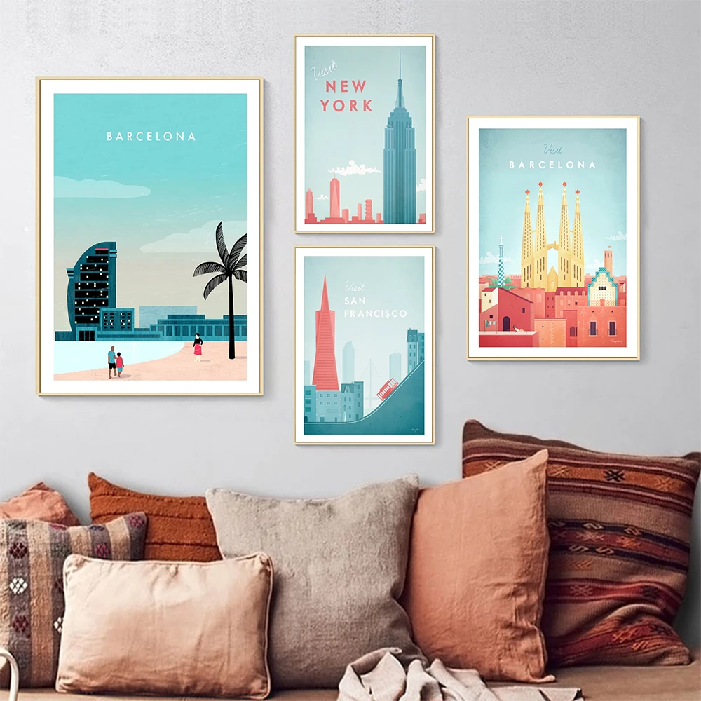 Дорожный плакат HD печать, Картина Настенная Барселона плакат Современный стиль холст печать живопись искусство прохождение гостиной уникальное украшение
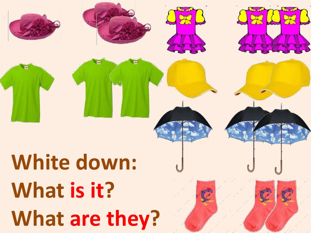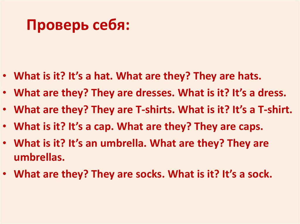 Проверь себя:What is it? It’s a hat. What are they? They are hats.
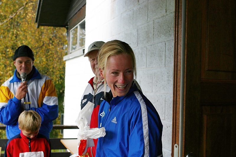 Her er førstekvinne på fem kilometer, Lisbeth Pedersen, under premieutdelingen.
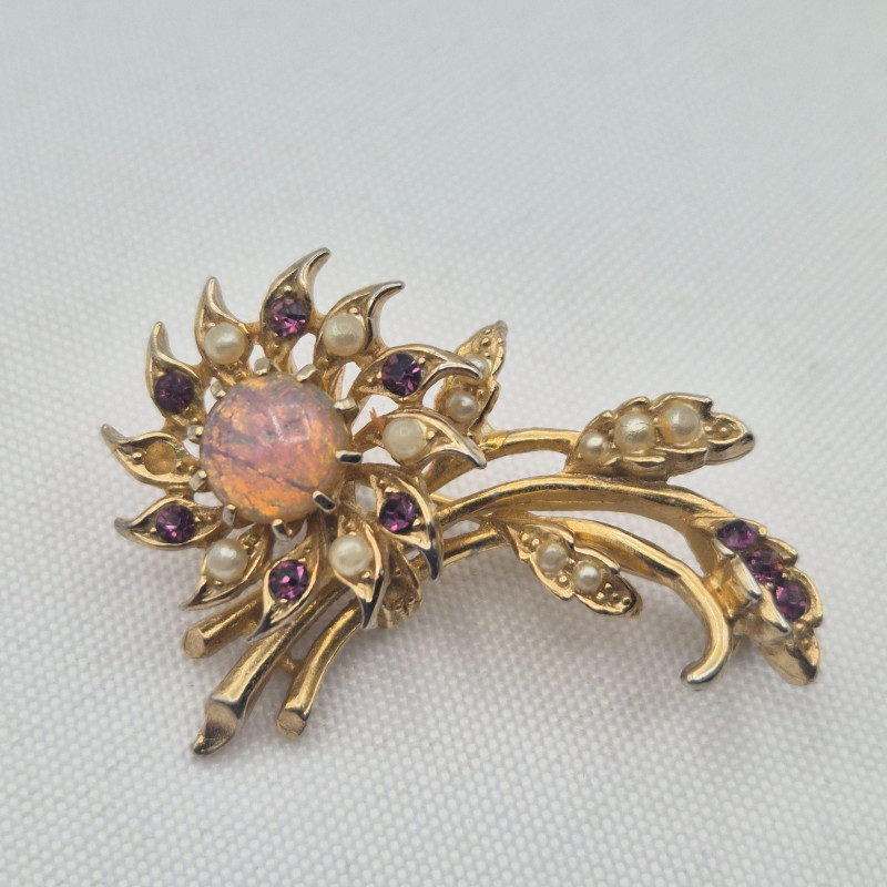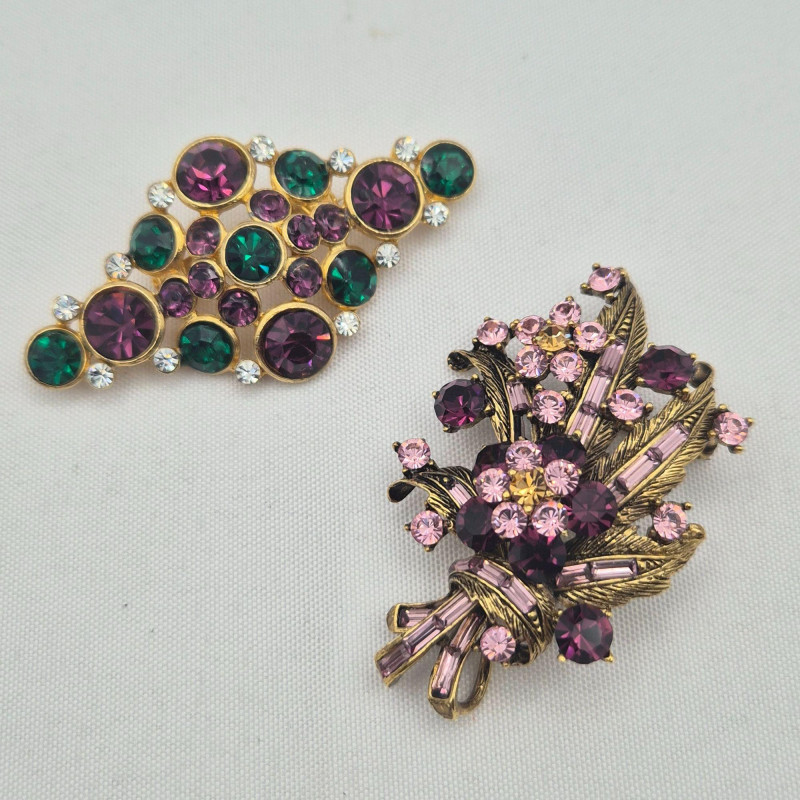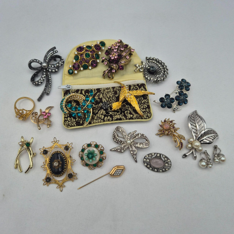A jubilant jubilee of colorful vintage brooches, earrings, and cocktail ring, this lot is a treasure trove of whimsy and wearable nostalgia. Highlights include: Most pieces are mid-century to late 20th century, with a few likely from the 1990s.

++++++++++

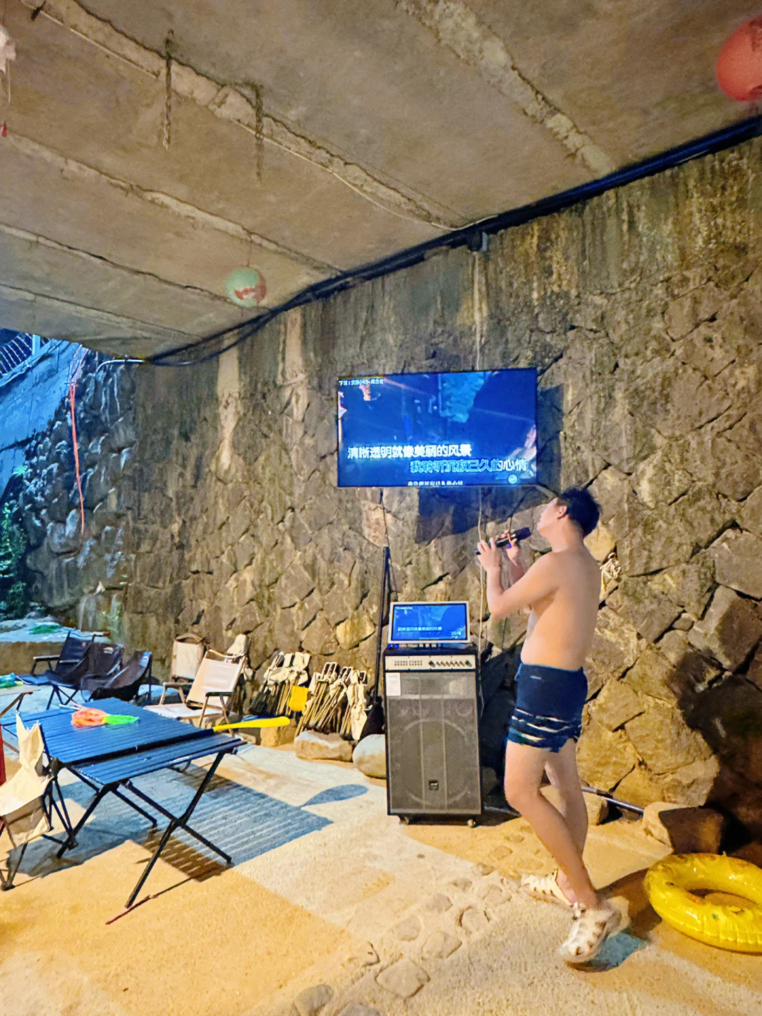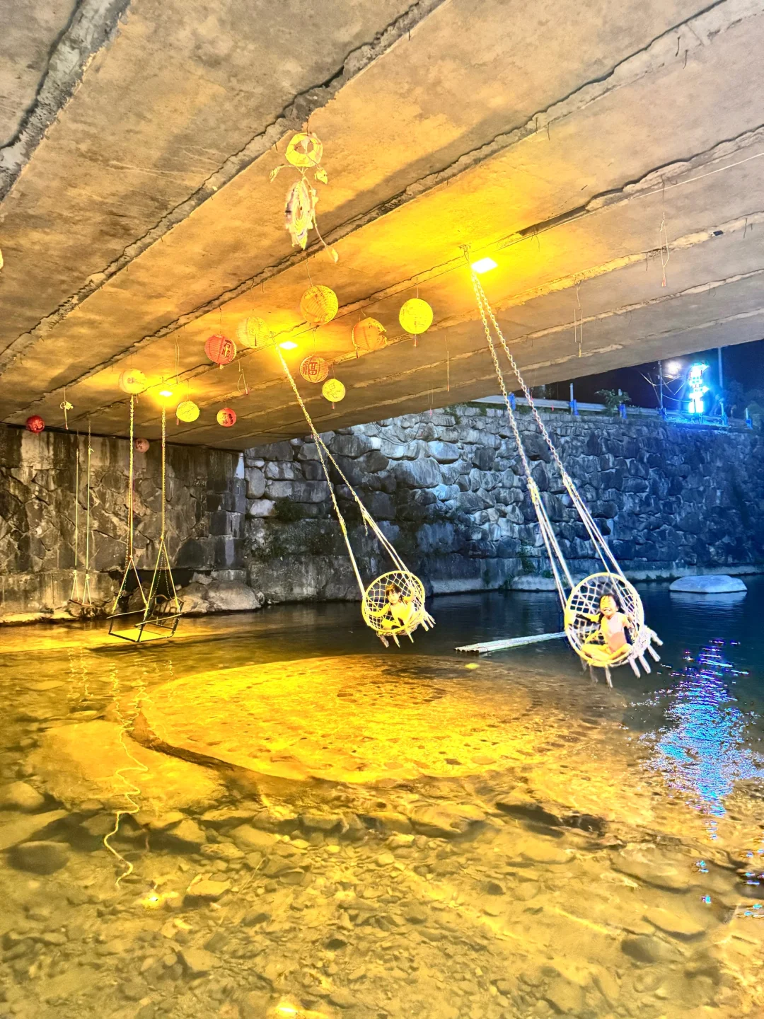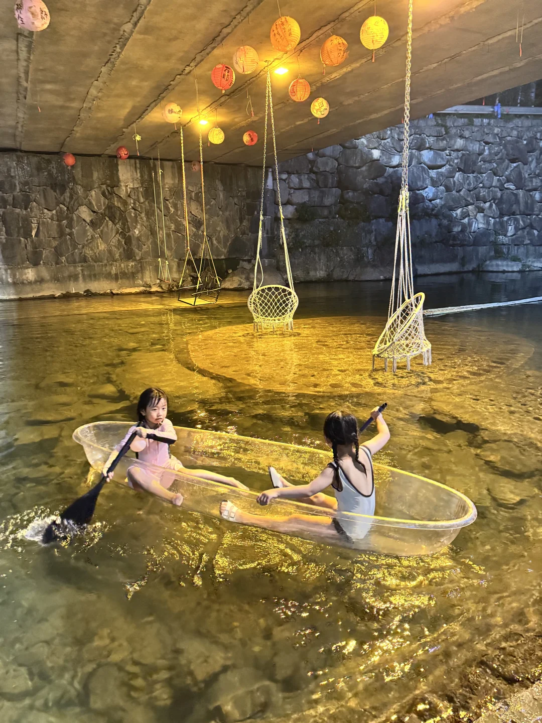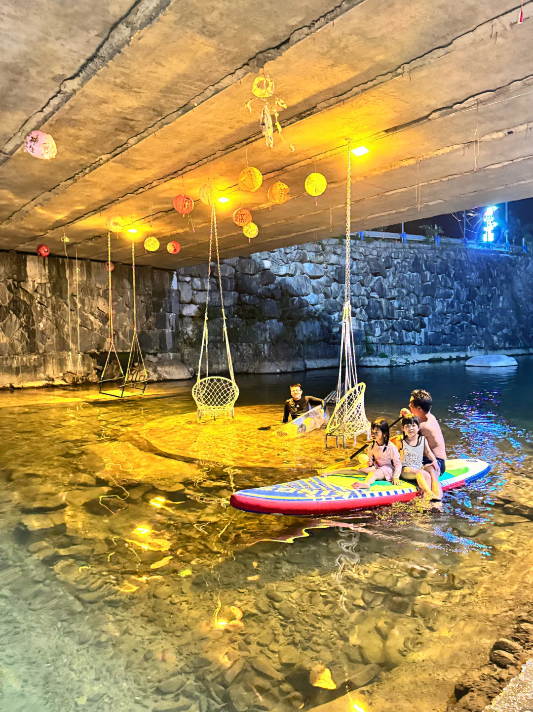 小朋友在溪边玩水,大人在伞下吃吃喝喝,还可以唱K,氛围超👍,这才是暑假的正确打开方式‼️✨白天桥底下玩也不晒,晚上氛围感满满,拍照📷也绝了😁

++++++++++

◆ **Exercise prompt**: Using the data above, output the line that has "Проверь себя:What is", the line that has "Her er førstekvinne", and whatever lines fall between, each exactly as it stands and without pictures.

◆ **Answer box**:
 Проверь себя:What is it? It’s a hat. What are they? They are hats.
 Her er førstekvinne på fem kilometer, Lisbeth Pedersen, under premieutdelingen.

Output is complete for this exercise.